IT(情報技術)各社が2024年秋から相次いで企業向けにAI(人工知能)エージェントの提供を始めた。その適用範囲は広い。米マイクロソフトのサティア・ナデラ最高経営責任者(CEO)は「(当社のAI エージェントは)サプライチェーン(供給網)の最適化から、顧客サポートの支援まで幅広く活用できる」と講演などで宣伝する。
様々な業務効率化の需要に支えられ、世界のAIエージェント市場は30年に、24年比で9倍超の471億ドル(約7兆3000億円)に達する見通しだ(インドのマーケッツ・アンド・マーケッツ調べ)。
業務ソフトを手掛ける米サービスナウも先ごろAIエージェント市場に参入した。日本法人でフィールド・イノベーション・オフィサーを務める佐宗龍氏は、「人口減が進む日本では、不足する労働力を補うことになるだろう」と言う。
例えばAIエージェントを使って顧客サポート用のチャットボットを構築したとする。大規模言語モデル(LLM)のおかげで従来のチャットボットより自然言語の理解力は高まる。顧客との自然な対話を通じて問い合わせ内容を理解し、返品システムや注文システムなどの各種ツールを使いこなしながら、自律的にタスクを処理する。

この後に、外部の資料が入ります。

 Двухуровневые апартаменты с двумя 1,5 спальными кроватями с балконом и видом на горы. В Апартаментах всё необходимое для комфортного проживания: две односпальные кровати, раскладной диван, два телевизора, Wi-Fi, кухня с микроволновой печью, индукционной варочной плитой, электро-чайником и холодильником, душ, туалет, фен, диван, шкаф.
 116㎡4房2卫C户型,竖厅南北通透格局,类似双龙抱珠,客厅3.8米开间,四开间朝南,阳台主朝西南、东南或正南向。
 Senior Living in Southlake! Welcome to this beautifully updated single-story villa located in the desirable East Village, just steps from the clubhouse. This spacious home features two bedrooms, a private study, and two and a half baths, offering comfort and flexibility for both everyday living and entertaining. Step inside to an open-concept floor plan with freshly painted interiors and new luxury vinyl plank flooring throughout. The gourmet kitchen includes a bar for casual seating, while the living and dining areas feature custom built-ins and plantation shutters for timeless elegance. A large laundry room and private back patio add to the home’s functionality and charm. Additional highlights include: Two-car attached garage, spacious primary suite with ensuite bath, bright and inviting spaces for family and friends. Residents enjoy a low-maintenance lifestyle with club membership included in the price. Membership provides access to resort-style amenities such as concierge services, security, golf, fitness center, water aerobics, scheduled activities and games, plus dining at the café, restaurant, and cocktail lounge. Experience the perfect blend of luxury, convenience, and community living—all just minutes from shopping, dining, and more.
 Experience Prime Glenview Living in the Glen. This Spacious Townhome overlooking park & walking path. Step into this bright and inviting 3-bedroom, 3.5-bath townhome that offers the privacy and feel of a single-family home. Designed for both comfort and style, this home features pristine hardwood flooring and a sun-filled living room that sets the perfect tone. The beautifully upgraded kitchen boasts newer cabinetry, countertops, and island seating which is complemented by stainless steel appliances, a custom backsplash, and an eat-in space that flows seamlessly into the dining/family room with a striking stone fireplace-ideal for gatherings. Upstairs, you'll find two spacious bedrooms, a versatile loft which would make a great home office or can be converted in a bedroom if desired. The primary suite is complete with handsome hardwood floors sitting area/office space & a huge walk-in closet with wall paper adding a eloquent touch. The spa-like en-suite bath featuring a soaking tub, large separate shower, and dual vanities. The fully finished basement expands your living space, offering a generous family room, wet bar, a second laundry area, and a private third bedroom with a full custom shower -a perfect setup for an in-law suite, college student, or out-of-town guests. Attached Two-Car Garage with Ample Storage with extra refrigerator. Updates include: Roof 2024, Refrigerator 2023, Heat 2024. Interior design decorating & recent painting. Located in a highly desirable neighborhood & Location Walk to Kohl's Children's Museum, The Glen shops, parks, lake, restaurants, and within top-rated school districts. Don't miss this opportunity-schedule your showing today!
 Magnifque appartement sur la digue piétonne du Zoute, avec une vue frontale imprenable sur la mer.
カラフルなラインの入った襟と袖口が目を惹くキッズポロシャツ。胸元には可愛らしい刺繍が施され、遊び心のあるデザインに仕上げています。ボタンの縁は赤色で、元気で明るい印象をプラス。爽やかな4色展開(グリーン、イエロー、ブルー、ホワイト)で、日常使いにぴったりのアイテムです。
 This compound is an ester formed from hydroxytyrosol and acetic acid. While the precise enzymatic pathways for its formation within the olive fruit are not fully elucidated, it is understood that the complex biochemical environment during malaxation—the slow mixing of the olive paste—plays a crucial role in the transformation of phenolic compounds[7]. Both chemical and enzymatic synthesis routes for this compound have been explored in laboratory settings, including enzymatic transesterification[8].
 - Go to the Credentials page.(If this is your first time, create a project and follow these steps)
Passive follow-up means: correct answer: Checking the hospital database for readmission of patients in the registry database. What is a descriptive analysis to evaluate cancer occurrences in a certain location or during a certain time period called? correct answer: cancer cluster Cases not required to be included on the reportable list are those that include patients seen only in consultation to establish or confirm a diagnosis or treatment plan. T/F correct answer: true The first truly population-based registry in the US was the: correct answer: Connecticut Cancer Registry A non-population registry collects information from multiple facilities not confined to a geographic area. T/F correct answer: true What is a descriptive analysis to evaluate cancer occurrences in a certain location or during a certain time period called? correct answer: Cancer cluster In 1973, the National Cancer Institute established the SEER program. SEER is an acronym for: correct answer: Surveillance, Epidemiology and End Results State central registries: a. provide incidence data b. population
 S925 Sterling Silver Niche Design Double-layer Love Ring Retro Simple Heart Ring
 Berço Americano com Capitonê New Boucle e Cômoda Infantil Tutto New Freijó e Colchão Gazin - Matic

このように社員が手掛けていた業務の多くを肩代わりしてくれるので、労働力が不足していても、多くの業務をこなせる。ただ「商品を100個買うので、少し割り引いてくれない?」などという想定外の問い合わせを受けた場合には、社員に対応を引き継ぐ必要がある。
本来AIエージェントは、どんな問い合わせ内容であっても、自ら解決方法を考え出し、実行するのが理想。しかし現在、搭載されているAIモデルの推論能力はそこまで信頼性が高くない。タスクを遂行するためのサブタスクは人間が事前に定義しており、AIモデルは単に実行すべきサブタスクを選択しているだけだ。イレギュラーなタスクに直面したAIモデルが、解決に向けて自ら適切なサブタスクを考え出せるようになるには、推論能力の向上を待たねばならない。
この状況をブレークスルーし得るのが、PART1でも紹介した米オープンAIの「o3(オースリー)」をはじめとした、推論能力を追求したAIモデルだ。富士通でAI戦略を担うCEO室の土井悠哉プロジェクト長も「将来的にはAIエージェントが自ら問題解決の方法を考えるようになる」とみる。そうなればAIエージェントが人間の手を煩わせる機会は減るだろう。